Should the word "time" occur in a line of the records, copy that line.

* Dataset records:
::::::

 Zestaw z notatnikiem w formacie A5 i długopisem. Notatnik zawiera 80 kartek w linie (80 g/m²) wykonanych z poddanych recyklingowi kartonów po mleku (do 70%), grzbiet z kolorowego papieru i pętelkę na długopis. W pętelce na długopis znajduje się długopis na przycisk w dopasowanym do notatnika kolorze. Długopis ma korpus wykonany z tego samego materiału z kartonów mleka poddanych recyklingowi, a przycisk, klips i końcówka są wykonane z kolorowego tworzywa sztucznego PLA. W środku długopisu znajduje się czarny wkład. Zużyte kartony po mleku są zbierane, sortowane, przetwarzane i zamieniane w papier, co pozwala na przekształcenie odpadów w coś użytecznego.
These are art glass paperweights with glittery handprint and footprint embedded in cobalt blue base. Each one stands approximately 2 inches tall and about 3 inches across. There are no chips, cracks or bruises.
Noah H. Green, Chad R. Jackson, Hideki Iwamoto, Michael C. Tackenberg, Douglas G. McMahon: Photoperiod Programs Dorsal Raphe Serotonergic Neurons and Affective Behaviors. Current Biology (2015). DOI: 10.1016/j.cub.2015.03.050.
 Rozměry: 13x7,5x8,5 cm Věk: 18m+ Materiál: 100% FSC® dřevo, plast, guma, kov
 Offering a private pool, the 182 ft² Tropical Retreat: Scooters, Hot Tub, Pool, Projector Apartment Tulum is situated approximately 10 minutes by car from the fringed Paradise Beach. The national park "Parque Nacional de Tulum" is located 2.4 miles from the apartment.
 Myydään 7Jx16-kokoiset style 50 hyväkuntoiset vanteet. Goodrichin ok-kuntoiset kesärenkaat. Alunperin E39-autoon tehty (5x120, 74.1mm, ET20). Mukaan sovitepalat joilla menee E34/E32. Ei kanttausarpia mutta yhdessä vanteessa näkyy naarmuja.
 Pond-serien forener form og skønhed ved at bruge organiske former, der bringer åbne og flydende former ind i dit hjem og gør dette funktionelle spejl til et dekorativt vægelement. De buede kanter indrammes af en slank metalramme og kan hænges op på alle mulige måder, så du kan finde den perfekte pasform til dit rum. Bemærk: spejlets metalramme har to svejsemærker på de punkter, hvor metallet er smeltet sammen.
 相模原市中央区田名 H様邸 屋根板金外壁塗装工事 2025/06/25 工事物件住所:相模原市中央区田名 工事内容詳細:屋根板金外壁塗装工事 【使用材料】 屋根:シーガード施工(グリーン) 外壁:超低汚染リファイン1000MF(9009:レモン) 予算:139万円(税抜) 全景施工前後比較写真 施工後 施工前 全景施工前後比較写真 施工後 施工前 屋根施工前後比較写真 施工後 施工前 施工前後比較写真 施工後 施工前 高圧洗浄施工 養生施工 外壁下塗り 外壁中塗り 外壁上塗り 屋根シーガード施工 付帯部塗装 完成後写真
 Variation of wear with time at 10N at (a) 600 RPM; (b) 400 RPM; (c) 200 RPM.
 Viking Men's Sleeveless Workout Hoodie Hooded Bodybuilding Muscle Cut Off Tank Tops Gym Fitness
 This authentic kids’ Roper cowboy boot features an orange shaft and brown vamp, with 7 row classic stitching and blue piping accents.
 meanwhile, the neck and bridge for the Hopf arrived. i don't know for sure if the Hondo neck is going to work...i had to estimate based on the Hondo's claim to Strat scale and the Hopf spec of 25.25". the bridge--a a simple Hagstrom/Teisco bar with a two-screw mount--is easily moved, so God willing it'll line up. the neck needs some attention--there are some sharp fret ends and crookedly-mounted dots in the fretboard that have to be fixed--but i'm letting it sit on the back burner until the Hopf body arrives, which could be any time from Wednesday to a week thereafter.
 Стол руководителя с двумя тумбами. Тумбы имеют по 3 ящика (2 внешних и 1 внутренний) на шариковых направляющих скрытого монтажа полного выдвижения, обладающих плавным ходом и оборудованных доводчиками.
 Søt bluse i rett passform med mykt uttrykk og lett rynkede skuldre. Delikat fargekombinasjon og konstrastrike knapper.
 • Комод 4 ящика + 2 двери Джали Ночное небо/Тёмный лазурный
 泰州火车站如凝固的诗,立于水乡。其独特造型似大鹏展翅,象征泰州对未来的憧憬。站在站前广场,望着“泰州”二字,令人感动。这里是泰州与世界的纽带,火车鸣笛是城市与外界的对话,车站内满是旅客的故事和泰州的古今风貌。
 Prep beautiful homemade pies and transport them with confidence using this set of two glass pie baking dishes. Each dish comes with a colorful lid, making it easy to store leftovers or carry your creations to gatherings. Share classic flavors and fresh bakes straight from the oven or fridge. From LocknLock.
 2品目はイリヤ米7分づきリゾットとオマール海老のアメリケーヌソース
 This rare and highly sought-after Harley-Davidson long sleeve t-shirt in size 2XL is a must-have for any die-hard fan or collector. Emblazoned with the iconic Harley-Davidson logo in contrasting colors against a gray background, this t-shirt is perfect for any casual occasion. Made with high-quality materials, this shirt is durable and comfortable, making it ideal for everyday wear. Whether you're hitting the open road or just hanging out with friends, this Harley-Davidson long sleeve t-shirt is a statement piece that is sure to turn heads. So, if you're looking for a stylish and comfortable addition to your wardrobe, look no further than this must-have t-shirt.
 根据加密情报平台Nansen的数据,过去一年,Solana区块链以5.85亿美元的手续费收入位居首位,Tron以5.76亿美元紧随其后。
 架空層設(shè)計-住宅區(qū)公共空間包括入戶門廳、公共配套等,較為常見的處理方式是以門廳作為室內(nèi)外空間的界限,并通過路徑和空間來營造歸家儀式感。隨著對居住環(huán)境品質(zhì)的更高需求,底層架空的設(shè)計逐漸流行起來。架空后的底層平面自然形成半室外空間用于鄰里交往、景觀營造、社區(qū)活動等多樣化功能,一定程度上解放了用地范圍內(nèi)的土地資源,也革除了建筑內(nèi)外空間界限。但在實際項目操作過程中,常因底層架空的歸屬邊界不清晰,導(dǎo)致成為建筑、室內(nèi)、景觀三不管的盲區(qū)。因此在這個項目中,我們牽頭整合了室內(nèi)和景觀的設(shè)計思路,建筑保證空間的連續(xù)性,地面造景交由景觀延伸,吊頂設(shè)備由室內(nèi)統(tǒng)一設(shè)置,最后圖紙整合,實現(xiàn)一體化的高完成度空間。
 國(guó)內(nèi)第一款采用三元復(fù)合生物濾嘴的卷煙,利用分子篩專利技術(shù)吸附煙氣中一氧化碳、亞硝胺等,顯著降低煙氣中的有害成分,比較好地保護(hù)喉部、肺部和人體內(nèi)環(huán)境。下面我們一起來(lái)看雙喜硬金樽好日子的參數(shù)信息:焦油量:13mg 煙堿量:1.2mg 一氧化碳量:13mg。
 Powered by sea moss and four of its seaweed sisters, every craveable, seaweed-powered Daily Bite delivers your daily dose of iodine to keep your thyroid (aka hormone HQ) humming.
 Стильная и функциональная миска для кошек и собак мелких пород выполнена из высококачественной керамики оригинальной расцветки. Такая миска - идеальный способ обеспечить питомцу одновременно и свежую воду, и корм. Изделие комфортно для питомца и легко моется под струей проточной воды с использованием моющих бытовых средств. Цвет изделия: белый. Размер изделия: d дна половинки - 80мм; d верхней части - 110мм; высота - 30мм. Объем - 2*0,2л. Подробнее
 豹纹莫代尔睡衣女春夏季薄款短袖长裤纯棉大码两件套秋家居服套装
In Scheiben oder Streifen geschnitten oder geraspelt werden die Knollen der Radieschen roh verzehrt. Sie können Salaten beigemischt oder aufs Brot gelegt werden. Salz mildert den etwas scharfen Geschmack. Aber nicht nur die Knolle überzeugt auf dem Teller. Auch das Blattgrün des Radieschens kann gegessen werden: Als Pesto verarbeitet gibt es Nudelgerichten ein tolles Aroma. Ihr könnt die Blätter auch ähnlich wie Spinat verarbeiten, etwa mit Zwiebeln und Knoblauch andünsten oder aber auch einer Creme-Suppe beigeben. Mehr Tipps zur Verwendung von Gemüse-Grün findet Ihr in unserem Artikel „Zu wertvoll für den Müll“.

::::::

* Response to the exercise:
 Variation of wear with time at 10N at (a) 600 RPM; (b) 400 RPM; (c) 200 RPM.
 meanwhile, the neck and bridge for the Hopf arrived. i don't know for sure if the Hondo neck is going to work...i had to estimate based on the Hondo's claim to Strat scale and the Hopf spec of 25.25". the bridge--a a simple Hagstrom/Teisco bar with a two-screw mount--is easily moved, so God willing it'll line up. the neck needs some attention--there are some sharp fret ends and crookedly-mounted dots in the fretboard that have to be fixed--but i'm letting it sit on the back burner until the Hopf body arrives, which could be any time from Wednesday to a week thereafter.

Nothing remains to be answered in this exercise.